Re: [RFC][Patch v10 0/2] mm: Support for page hinting

From: Nitesh Narayan Lal
Date: Fri Jun 28 2019 - 15:14:48 EST



On 6/28/19 2:25 PM, Alexander Duyck wrote:
> On Tue, Jun 25, 2019 at 10:32 AM Nitesh Narayan Lal <nitesh@xxxxxxxxxx> wrote:
>> On 6/25/19 1:10 PM, Alexander Duyck wrote:
>>> On Tue, Jun 25, 2019 at 7:49 AM Nitesh Narayan Lal <nitesh@xxxxxxxxxx> wrote:
>>>> On 6/3/19 2:04 PM, Michael S. Tsirkin wrote:
>>>>> On Mon, Jun 03, 2019 at 01:03:04PM -0400, Nitesh Narayan Lal wrote:
>>>>>> This patch series proposes an efficient mechanism for communicating free memory
>>>>>> from a guest to its hypervisor. It especially enables guests with no page cache
>>>>>> (e.g., nvdimm, virtio-pmem) or with small page caches (e.g., ram > disk) to
>>>>>> rapidly hand back free memory to the hypervisor.
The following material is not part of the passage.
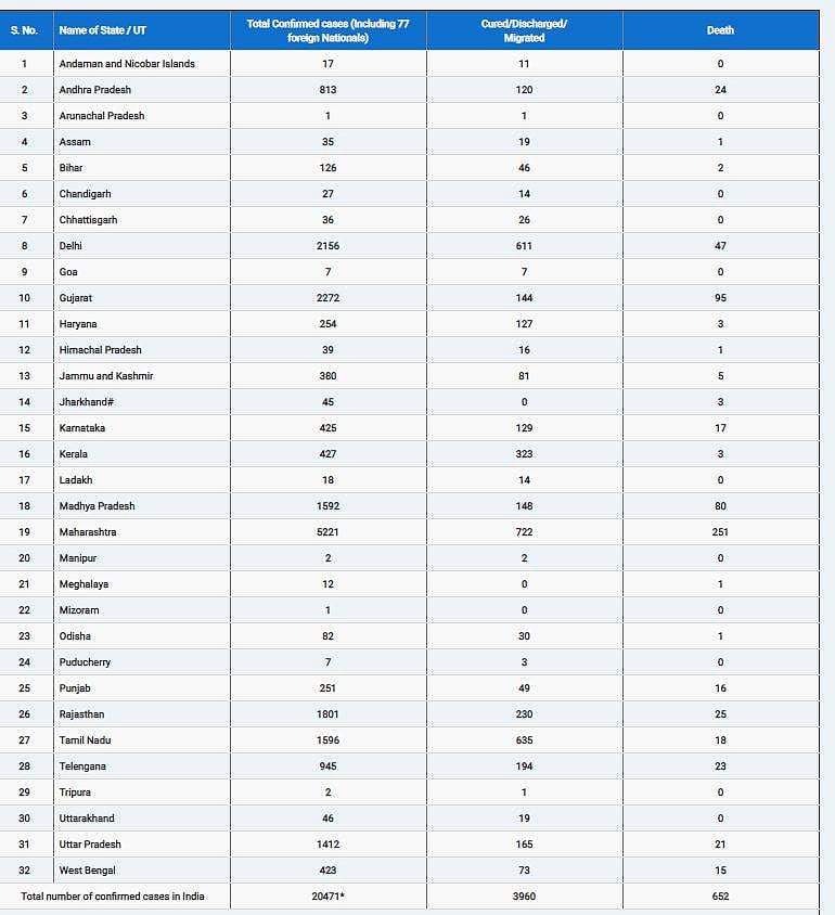 இந்நிலையில், இந்தியாவில் கரோனா பாதிப்பு எண்ணிக்கை 20 ஆயிரத்தைத் தாண்டியுள்ளது. பாதிப்பு எண்ணிக்கை 20,471 ஆகவும், பலி எண்ணிக்கை 652 ஆகவும் அதிகரித்துள்ளது. இதுவரை3,960 பேர் குணமடைந்து வீட்டிற்குத் திரும்பியுள்ளனர்.

>>>>>> This approach has a minimal impact on the existing core-mm infrastructure.
>>>>> Could you help us compare with Alex's series?
>>>>> What are the main differences?
>>>> Results on comparing the benefits/performance of Alexander's v1
>>>> (bubble-hinting)[1], Page-Hinting (includes some of the upstream
>>>> suggested changes on v10) over an unmodified Kernel.
>>>>
>>>> Test1 - Number of guests that can be launched without swap usage.
>>>> Guest size: 5GB
>>>> Cores: 4
>>>> Total NUMA Node Memory ~ 15 GB (All guests are running on a single node)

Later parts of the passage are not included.